## What the exercise asks
In the entries that follow, the lines from the one with "在救援过程中,有一个场景让黄" through the one with "1º Copa Master" are the ones to write out, exactly and with both ends included. Nothing else should appear.

#### Exercise inputs ####

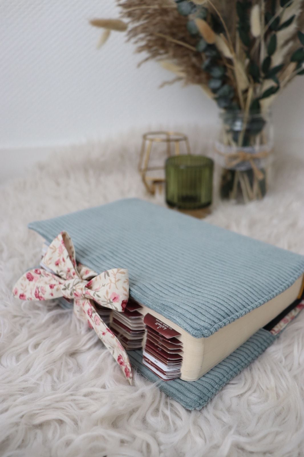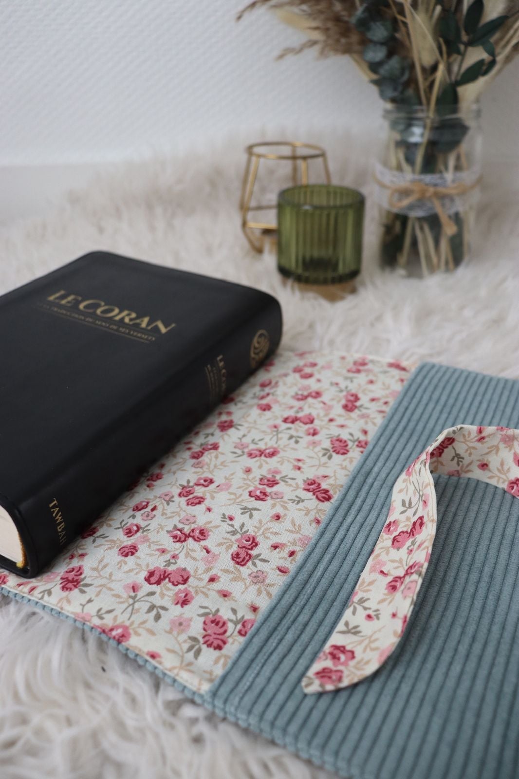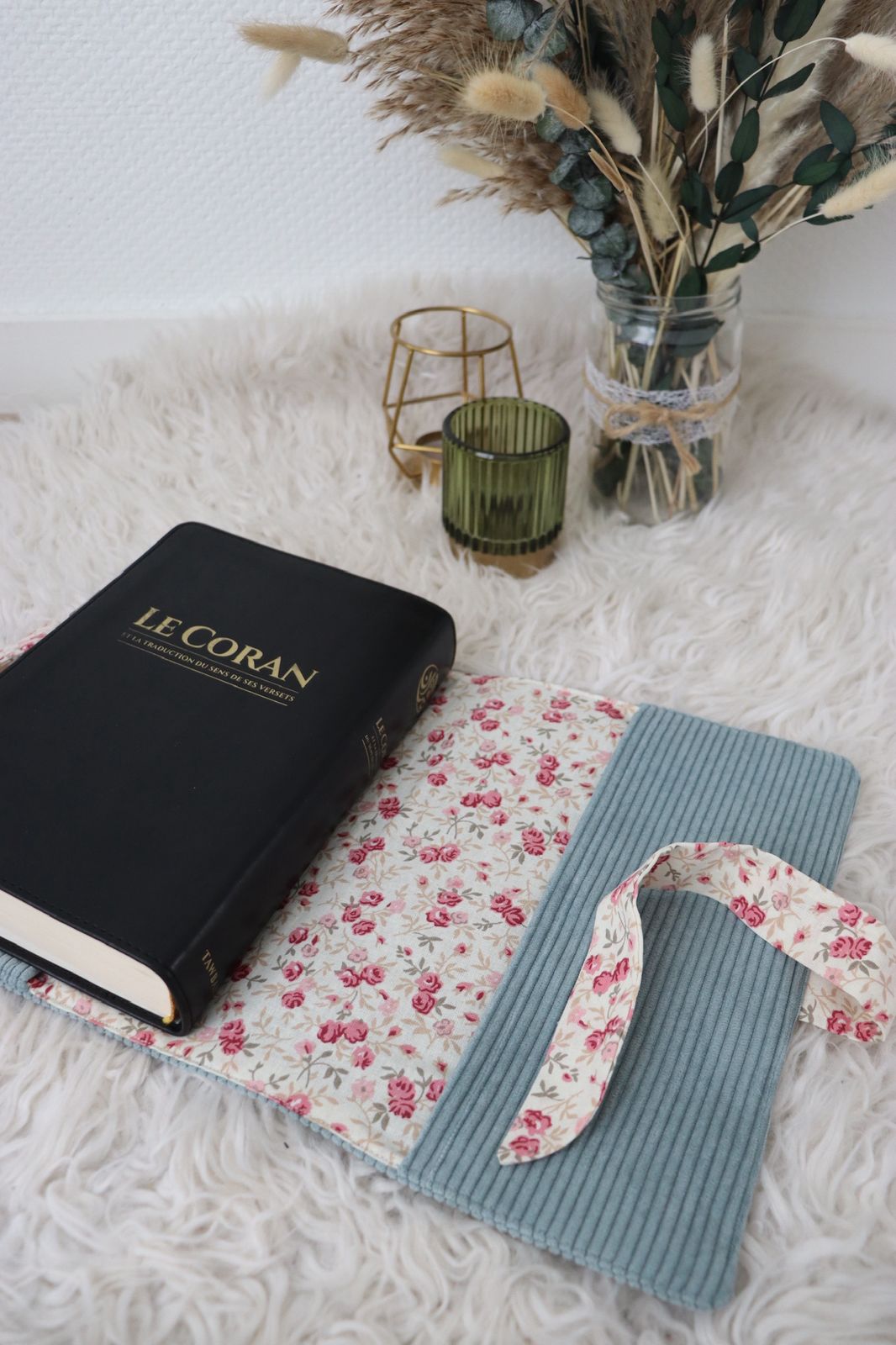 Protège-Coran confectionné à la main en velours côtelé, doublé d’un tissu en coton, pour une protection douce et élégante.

####
#### Exercise inputs ####

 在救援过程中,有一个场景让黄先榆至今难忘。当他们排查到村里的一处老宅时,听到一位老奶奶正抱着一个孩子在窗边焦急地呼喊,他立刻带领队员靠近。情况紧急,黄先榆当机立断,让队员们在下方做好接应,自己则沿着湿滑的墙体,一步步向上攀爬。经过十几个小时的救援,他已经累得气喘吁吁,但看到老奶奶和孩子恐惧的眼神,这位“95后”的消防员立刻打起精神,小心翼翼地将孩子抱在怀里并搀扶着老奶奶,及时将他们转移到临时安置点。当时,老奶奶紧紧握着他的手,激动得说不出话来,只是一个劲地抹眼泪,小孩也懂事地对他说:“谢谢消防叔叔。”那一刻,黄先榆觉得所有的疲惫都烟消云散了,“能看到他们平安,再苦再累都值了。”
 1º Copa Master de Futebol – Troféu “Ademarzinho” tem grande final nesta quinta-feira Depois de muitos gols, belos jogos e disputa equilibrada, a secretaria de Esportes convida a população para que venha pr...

####
#### Exercise inputs ####

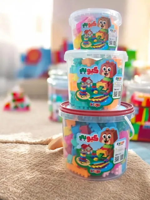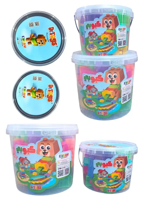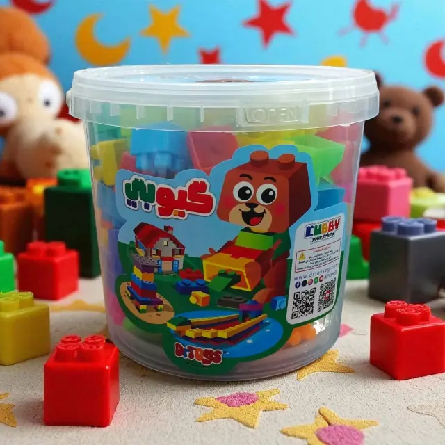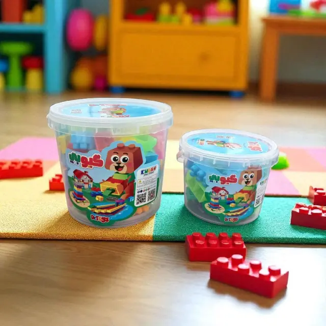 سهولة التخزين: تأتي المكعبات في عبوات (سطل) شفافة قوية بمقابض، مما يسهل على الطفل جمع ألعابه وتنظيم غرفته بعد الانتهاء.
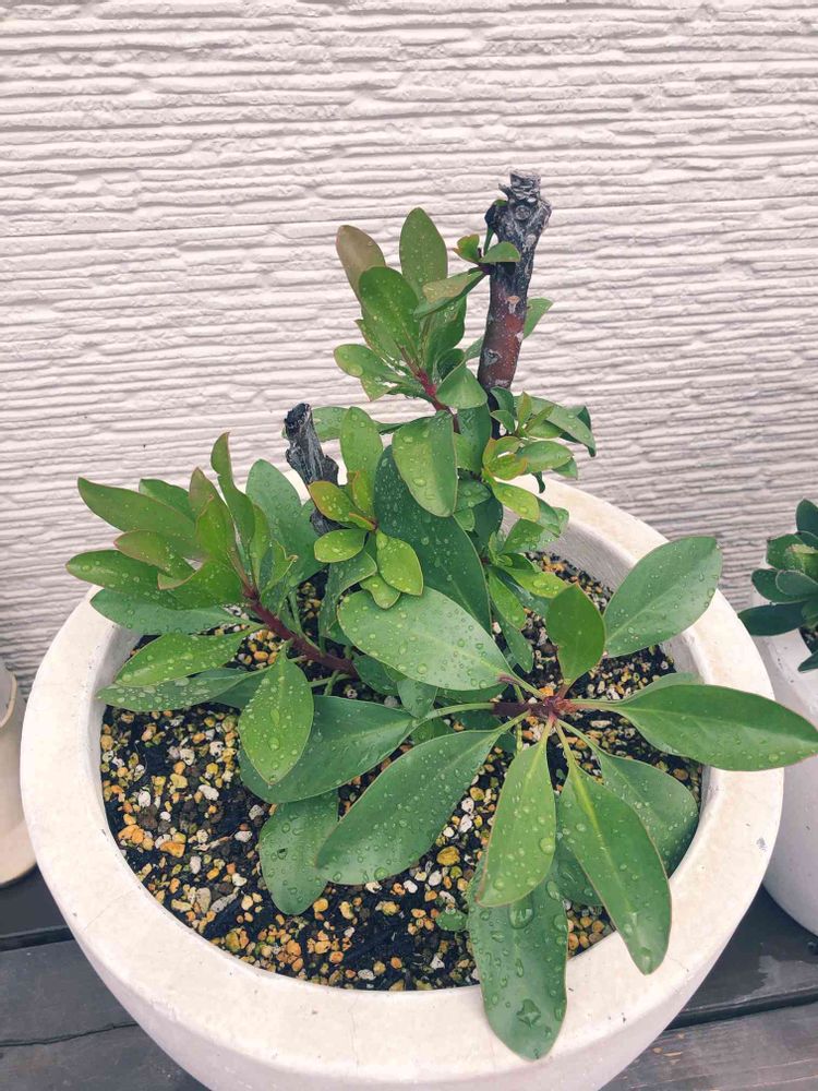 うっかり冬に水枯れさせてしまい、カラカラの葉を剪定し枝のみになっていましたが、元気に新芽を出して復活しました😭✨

####

## Solution for this problem
 在救援过程中,有一个场景让黄先榆至今难忘。当他们排查到村里的一处老宅时,听到一位老奶奶正抱着一个孩子在窗边焦急地呼喊,他立刻带领队员靠近。情况紧急,黄先榆当机立断,让队员们在下方做好接应,自己则沿着湿滑的墙体,一步步向上攀爬。经过十几个小时的救援,他已经累得气喘吁吁,但看到老奶奶和孩子恐惧的眼神,这位“95后”的消防员立刻打起精神,小心翼翼地将孩子抱在怀里并搀扶着老奶奶,及时将他们转移到临时安置点。当时,老奶奶紧紧握着他的手,激动得说不出话来,只是一个劲地抹眼泪,小孩也懂事地对他说:“谢谢消防叔叔。”那一刻,黄先榆觉得所有的疲惫都烟消云散了,“能看到他们平安,再苦再累都值了。”
 1º Copa Master de Futebol – Troféu “Ademarzinho” tem grande final nesta quinta-feira Depois de muitos gols, belos jogos e disputa equilibrada, a secretaria de Esportes convida a população para que venha pr...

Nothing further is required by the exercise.